November 2nd, 2022 | 7 min read

By Matthew Loftus

For a tech-skeptic lover of Wendell Berry, Ivan Illich, and Neil Postman, as a family physician I sure picked the wrong job. Doctors have always used various technologies for treating patients, from the ancient Egyptian prescription to fumigate the womb with incense for eye pain to today’s slightly more informed but still ineffective placebo surgeries. The human body as it has been given to us by God has all sorts of vulnerabilities — to infection, to trauma, to its processes gone awry — and technology gives us power to prevent or treat a wide variety of problems that arise from those vulnerabilities.

To make matters worse, though, nowadays doctors have admitted that they cannot know everything and so they have abandoned their pocket handbooks for databases on smartphones. A good doctor, I tell my students, looks up something new every day and books cannot be printed quickly enough to keep us all up to date. My use of WhatsApp to examine rashes or read ECGs is a bit more primitive than the systems that are evolving in highly developed contexts, but medical practitioners everywhere are finding that technology is invading every imaginable aspect of their work.

This might be tolerable if it was all beneficial, but it’s clearly not. Francis Bacon famously urged us to use science and technology to ameliorate human suffering, but now the Baconian Project has fooled us moderns into thinking that suffering ought to be optional, and we must use technology to eliminate suffering. If technology gives us the power to turn stem cells into useful organs, turn useful organs into simulacra of the opposite sex’s organs, or eliminate un-useful children before they are born, the logic of technology is that those powers ought to be used. If technology doesn’t work, as it often doesn’t, Stanley Hauerwas has suggested that doctors who are unable to ameliorate suffering effectively often feel the need to kill the sufferer.

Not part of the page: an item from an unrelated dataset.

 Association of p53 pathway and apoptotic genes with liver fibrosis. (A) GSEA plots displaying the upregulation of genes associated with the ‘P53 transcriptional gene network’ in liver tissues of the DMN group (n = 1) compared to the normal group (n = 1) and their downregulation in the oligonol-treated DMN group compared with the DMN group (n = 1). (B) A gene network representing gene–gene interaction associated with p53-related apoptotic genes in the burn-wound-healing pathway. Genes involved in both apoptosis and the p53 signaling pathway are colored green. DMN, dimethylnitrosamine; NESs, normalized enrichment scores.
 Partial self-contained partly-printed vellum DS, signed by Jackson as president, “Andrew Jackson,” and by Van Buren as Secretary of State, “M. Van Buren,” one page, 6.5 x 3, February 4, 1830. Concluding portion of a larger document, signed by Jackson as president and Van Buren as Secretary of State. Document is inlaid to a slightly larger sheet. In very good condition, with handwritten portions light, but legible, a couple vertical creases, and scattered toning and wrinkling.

One can find countless examples of Jon Askonas’ thesis that technological innovation bulldozes tradition throughout medicine; a new drug or device can make years of careful study and practice unnecessary. For the most part, this is a good thing: the vexatiously difficult-to-dose blood thinner warfarin was replaced by much simpler drugs about a decade ago, requiring far less expertise and work from the doctors prescribing it. Yet the existence of any new drug, device, or treatment tends to inspire a search for patients with insurance who will pay for them. Disease mongering, indication creep, overuse of fancy gadgets, and the marketing of insecurity to sell cosmetic surgery have been problems for decades, now reaching a horrifying apotheosis in the current craze of teenagers being memed into thinking that they should be chemically or surgically altered to change their gender expression.

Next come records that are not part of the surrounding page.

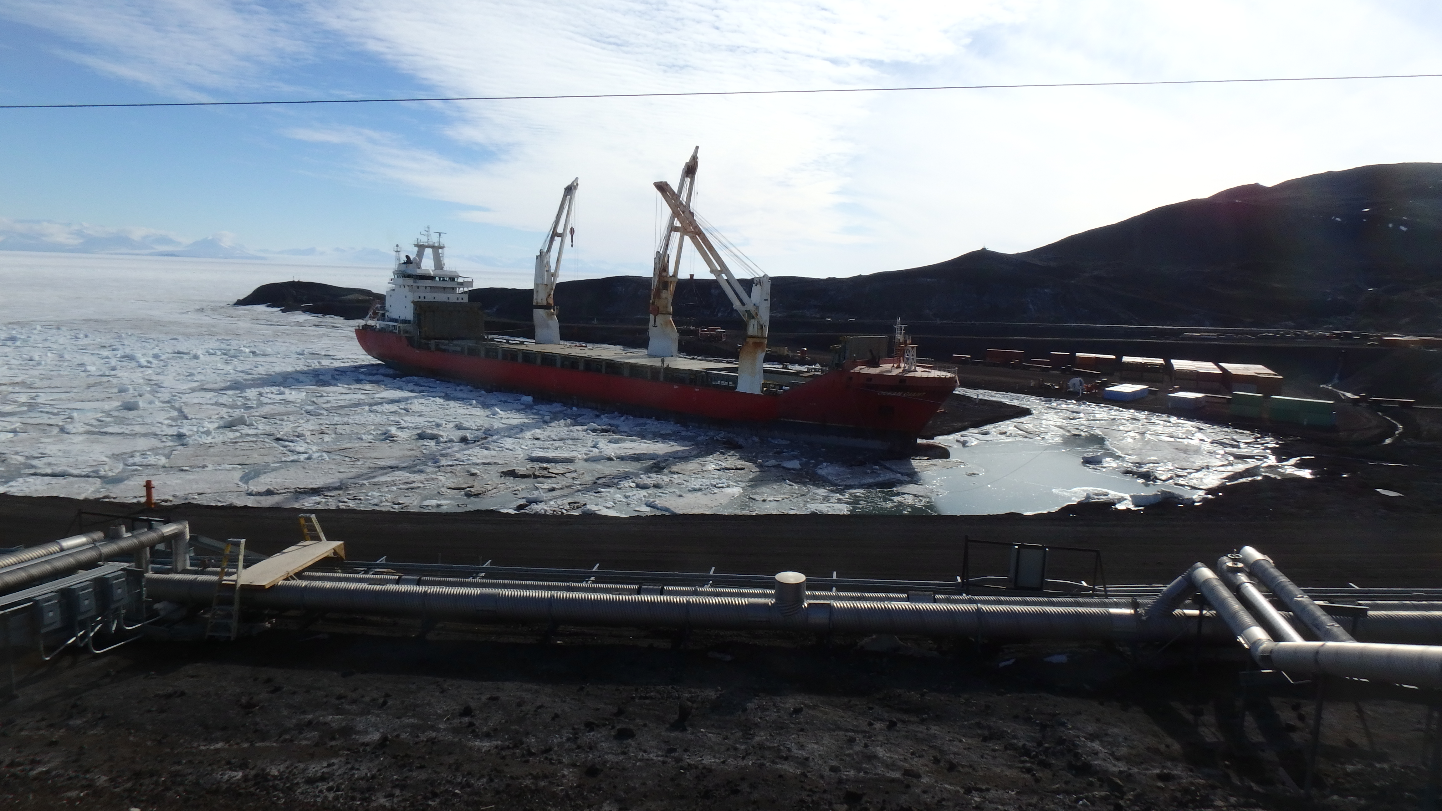 The Ocean Giant is docked at the ice pier in McMurdo Sound. This is the cargo vessel that delivers the supplies to McMurdo Station, Antarctica.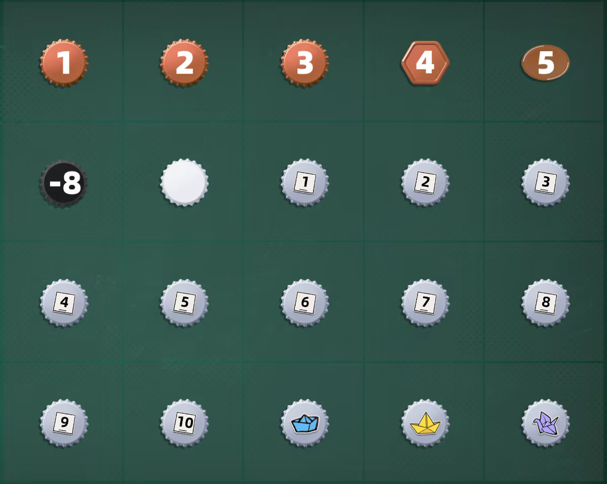 这不是简单的瓶盖游戏。每一局都需兼顾瓶盖的物理操作(如角度计算、力度控制)与类Rogue的策略抉择——不同的桌面、随机刷新的瓶盖、有限的次数、不同的盒子、瓶盖进盒后的位置,让你在每一轮都需重新规划路线,平衡「短期得分」与「长期构筑」。
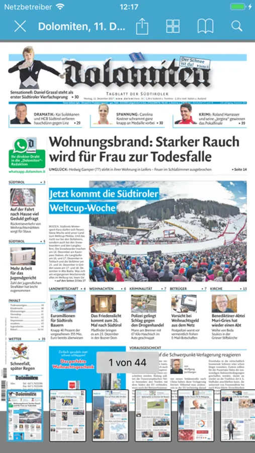 Die Dolomiten-App bringt Ihnen den Qualitätsjournalismus von Südtirols führendem Tagblatt direkt auf Ihr iPad und iPhone: Kommentare, Hintergrundgeschichten sowie Reportagen in Text und Bild im modernen, preisgekrönten Erscheinungsbild. Die App überträgt das traditionelle, einzigartige Dolomiten-Lese-Erlebnis auf Ihr Gerät und enthält neben der aktuellen Tagblatt-Ausgabe auch die Beilagen Dolomiten Magazin, Wiku, M@arkt sowie sämtliche Sonderbeilagen. Natürlich können Sie auch auf "Zett die Zeitung am Sonntag" zugreifen und bequem alle Ausgaben lesen.

More subtle are phenomena like antibiotics, which are one of modern medicine’s greatest gifts and thus have been terribly abused to the point where now it is an open question whether we will have any working antibiotics in fifty years. The culture that the technology of antibiotics created — desiring a pill or injection to immediately cure an infection — has made antibiotics less effective. Whenever one tries to assert the dangers of technology to human culture and flourishing, antibiotics are one of the first examples that uncritical devotees to the Baconian Project point to: So, you conservatives want to take us back to when we didn’t have penicillin? No, in fact, the revolutionary way in which we have been shaped by technology is already taking us back to the pre-antibiotic era.

So how do we move forward? How do we use technology for good in the realm of health and medicine? We must circumscribe the role of medicine, embrace the limits of embodiment, and learn how to suffer and die well.

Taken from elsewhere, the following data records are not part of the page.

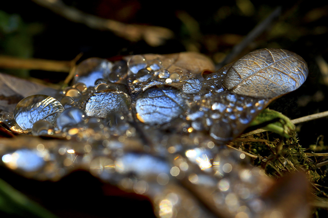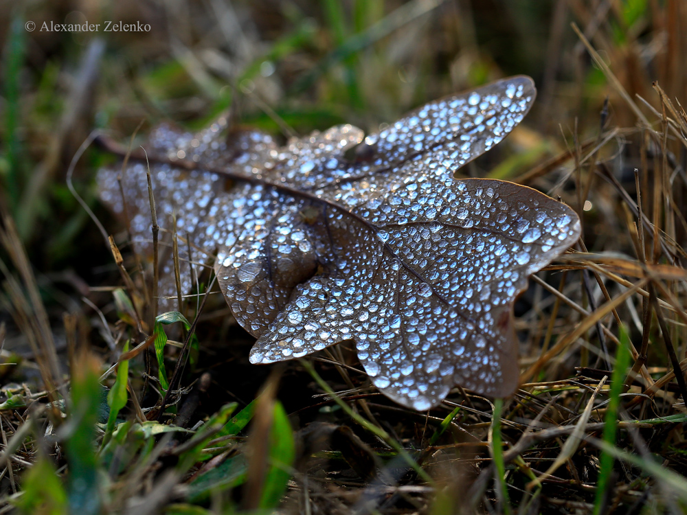 В дополнение. Крупные капли на павших дубовых листьях я заметил впервые. Ни на траве или листьях других деревьев, лежащих на земле, таких капель не было! Причём каплями были покрыты только листья дуба, лежащие на поляне, т.е. на открытом месте, листья же в лесной чаще были совершенно сухими!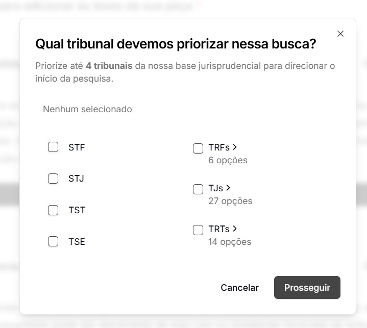 - Seleção de Tribunais: O usuário pode selecionar os tribunais para a busca (Tribunais Superiores, Regionais Federais, de Justiça Estaduais e TRTs), com um limite de quatro tribunais por busca.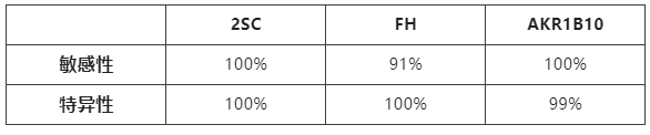 2SC抗體在兩個樣本系列中均表現出100%的敏感性和特異性優于AKR1B10和FH。

Circumscribing the role of medicine allows us to give the state and other medical institutions the appropriate amount of power. Political authority over human bodies is inevitable, which means that it is the duty of political authorities to incorporate bodily health into their decision-making. This requires observation of and attention to the qualities of bodily health that are relevant to decision-making as well as a commitment to appropriately fund or officially encourage actions which can provide clear benefits to the health of the body politic and the judicious restriction of things that are clearly harmful to health.

Political authorities and other institutions responsible for health (for example, hospitals and health networks) are severely limited in their ability to attend to or act on things that are not legible to them. That which can be observed and quantified is both useful and necessary in pursuing the common good, but it is also an extremely narrow component of health and human flourishing. Institutional health authorities should collect and study the data that is clearly legible to them so that they can act on it: disease prevalence and severity, the efficacy of various sub-institutions in reducing certain diseases, the uptake of various essential screening tests, the effects of various environmental factors on morbidity and mortality, and even QALY calculations are just a few of the things worth attending to. However, this knowledge should always be qualified by its limitations; these institutions and the people who work in them must accept and acknowledge that their field of action is, at best, only a portion of what determines health.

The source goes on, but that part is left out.